Binnen het strafproces kan het slachtoffer diverse rechten uitoefenen zowel in de fase van het onderzoek als in de fase van de strafuitvoering.
Voorbeelden:
- de verklaring van benadeelde
- de initiatie door de klacht met burgerlijke partijstelling bij de onderzoeksrechter,
- de rechtstreekse dagvaarding,
- het recht om te vragen bijkomende onderzoekshandelingen te stellen
- de mogelijkheid om als slachtoffer zelf te kunnen vragen gehoord te worden in het kader van de strafuitvoering.
Een aantal algemene straftoemetingsregels zoals de wettelijk bepaalde minima- en maximastraffen onder de gelding van het strafwetboek 1867, de verschoningsgronden een aantal verzachtende omstandigheden leiden in bepaalde gevallen bieden een zekere indirecte aandacht voor het slachtoffer in de straftoemeting, zonder dat er sprake is van participatie.

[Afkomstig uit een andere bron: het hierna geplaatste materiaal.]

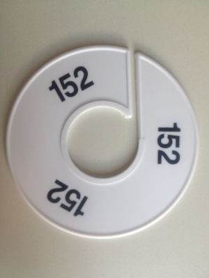 Maatring 11 cm wit met zwarte bedrukking 152 Diameter van de maatring is 11cm, en de diameter van het gat is 4cm.

De strafrechter kan verder bij de straftoemeting rekening houden met de resultaten van de slachtoffer-daderbemiddeling. Aldus kan het slachtoffer op die wijze manier indirect participeren in de straftoemeting in die zin dat de strafrechter bij de straftoemeting rekening kan houden met de tijdens de bemiddeling getoonde blijken van berouw en schuldinzicht, de houding van de dader tegenover het slachtoffer en de bereidheid van de dader zijn leven een andere en positievere wending te geven.

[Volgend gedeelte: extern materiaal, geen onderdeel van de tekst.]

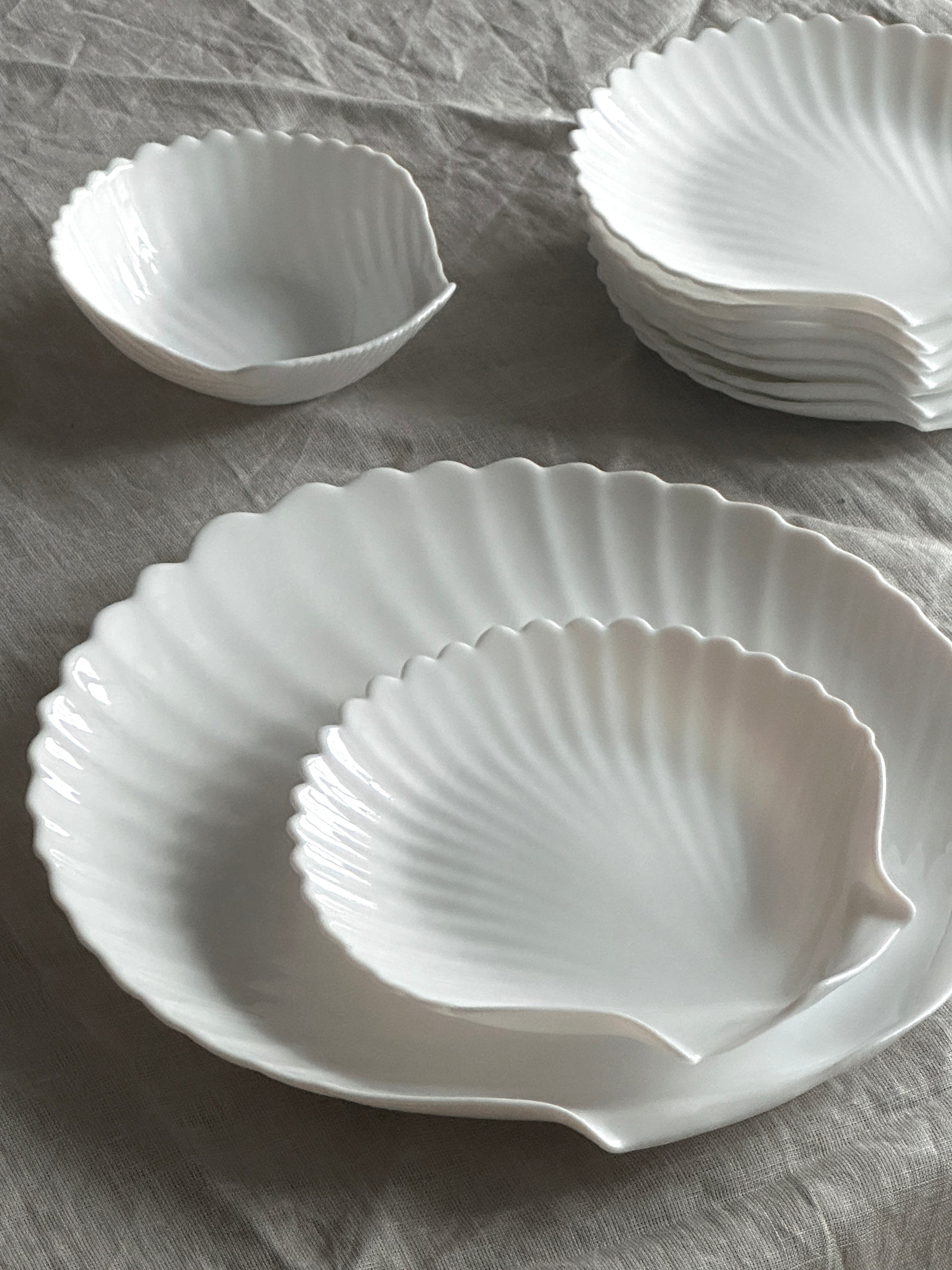Arcoroc White Glass Seashell Plate Set (10 PC)

Deze elementen kan de strafrechter bij wijze van verzachtende omstandigheden in aanmerking nemen. Ook bepaalde tijdens de bemiddeling gemaakte afspraken kunnen door de strafrechter worden meegenomen onder de vorm van verzachtende omstandigheden dan wel als probatievoorwaarde.
Overeenkomstig artikel 37ter, § 3 Sw 1867. kan de rechter bij het opleggen van de werkstraf ook rekening houden met de belangen van de slachtoffers.
De uitwerking hiervan is vrij beperkt gezien het belang van het slachtoffer hier enkel zou kunnen l bestaan uit het feit dat bij de straftoemeting met het leed van slachtoffer rekening kan worden gehouden. Het slachtoffer heeft dus geen inspraak bij de werkstraf en dient ook niet gehoord alvorens de werkstraf op te leggen.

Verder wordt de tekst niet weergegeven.